- RECORDS FOR THIS TASK
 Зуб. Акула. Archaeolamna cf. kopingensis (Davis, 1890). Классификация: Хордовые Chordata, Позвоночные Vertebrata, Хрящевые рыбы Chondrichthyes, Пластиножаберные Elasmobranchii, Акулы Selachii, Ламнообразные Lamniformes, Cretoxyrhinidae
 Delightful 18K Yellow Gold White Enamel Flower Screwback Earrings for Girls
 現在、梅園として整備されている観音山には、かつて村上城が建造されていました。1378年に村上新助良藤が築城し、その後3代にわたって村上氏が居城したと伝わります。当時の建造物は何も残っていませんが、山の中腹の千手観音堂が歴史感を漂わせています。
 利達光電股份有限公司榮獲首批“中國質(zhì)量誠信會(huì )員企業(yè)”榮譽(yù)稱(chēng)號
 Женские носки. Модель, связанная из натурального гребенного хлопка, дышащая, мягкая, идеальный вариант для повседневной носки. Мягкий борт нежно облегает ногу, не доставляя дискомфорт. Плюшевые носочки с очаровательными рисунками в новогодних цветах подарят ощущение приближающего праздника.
...
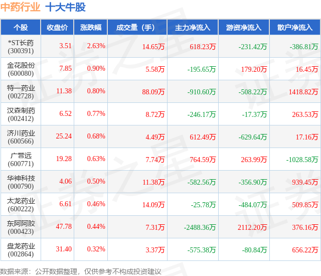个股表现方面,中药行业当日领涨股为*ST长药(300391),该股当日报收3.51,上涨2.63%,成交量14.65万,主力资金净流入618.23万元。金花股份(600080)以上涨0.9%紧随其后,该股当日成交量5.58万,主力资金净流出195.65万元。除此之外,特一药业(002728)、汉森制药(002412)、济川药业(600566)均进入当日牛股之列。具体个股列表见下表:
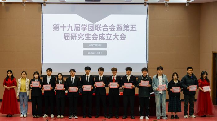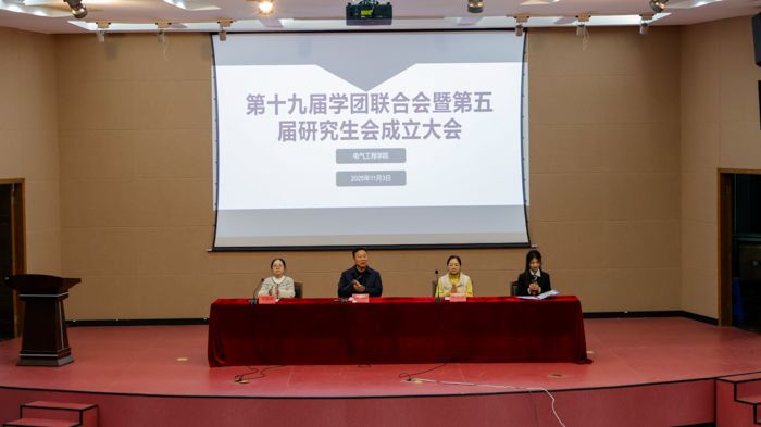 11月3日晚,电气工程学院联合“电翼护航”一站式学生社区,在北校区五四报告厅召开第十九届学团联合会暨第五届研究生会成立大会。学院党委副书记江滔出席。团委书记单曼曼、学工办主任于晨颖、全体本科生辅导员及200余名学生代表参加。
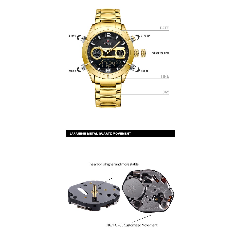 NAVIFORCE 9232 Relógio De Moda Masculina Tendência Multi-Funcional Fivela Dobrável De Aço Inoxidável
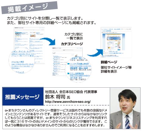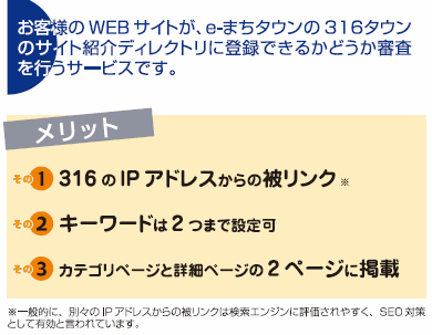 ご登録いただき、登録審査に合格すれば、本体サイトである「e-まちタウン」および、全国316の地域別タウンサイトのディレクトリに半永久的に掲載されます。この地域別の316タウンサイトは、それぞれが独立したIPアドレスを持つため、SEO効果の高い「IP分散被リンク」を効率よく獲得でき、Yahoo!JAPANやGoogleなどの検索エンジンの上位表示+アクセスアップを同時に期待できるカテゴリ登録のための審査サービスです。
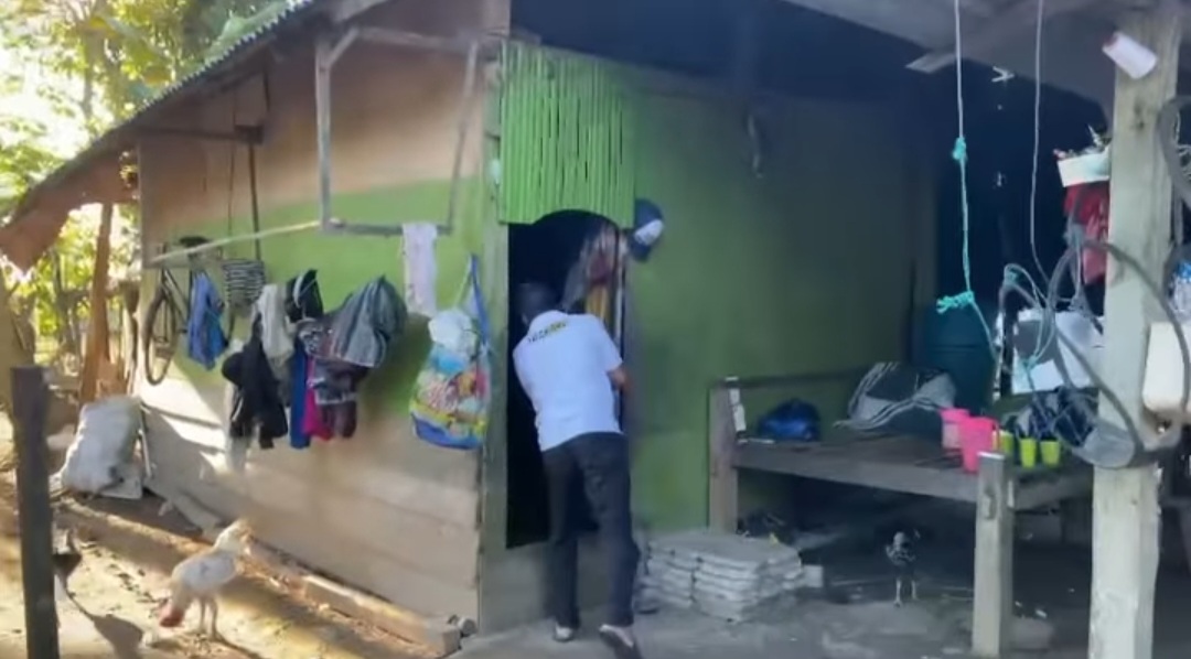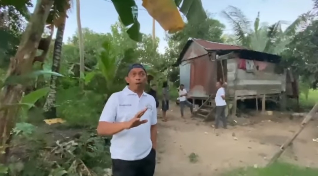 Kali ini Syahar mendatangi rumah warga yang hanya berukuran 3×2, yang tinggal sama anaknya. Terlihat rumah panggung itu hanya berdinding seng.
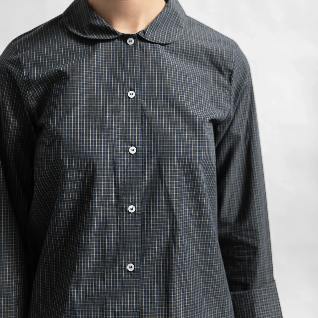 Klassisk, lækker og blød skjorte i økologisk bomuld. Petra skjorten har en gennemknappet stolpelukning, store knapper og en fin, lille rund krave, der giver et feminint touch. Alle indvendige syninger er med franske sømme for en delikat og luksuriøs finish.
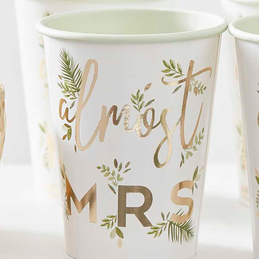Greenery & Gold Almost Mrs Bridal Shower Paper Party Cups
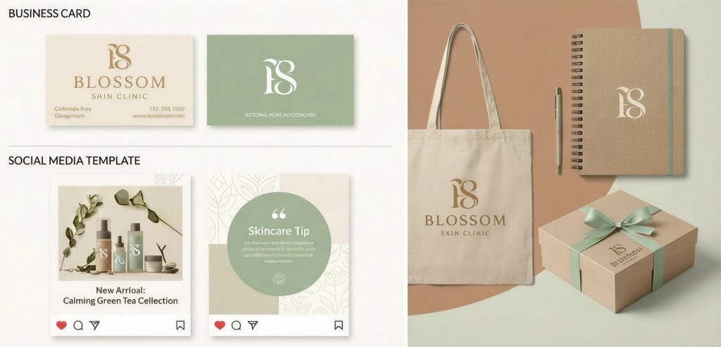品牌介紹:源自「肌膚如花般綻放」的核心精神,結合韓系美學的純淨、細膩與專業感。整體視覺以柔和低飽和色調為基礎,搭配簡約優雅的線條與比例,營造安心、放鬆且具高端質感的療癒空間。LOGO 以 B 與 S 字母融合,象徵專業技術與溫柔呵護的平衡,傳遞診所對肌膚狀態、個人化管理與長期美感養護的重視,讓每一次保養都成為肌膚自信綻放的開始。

- INSTRUCTIONS FOR THE TASK
Beginning at the line with "現在、梅園として整備されてい" and stopping after the line with "Женские носки. Модель, связанная", please write out every line of the data above exactly and nothing else.

- ANSWER AREA
 現在、梅園として整備されている観音山には、かつて村上城が建造されていました。1378年に村上新助良藤が築城し、その後3代にわたって村上氏が居城したと伝わります。当時の建造物は何も残っていませんが、山の中腹の千手観音堂が歴史感を漂わせています。
 利達光電股份有限公司榮獲首批“中國質(zhì)量誠信會(huì )員企業(yè)”榮譽(yù)稱(chēng)號
 Женские носки. Модель, связанная из натурального гребенного хлопка, дышащая, мягкая, идеальный вариант для повседневной носки. Мягкий борт нежно облегает ногу, не доставляя дискомфорт. Плюшевые носочки с очаровательными рисунками в новогодних цветах подарят ощущение приближающего праздника.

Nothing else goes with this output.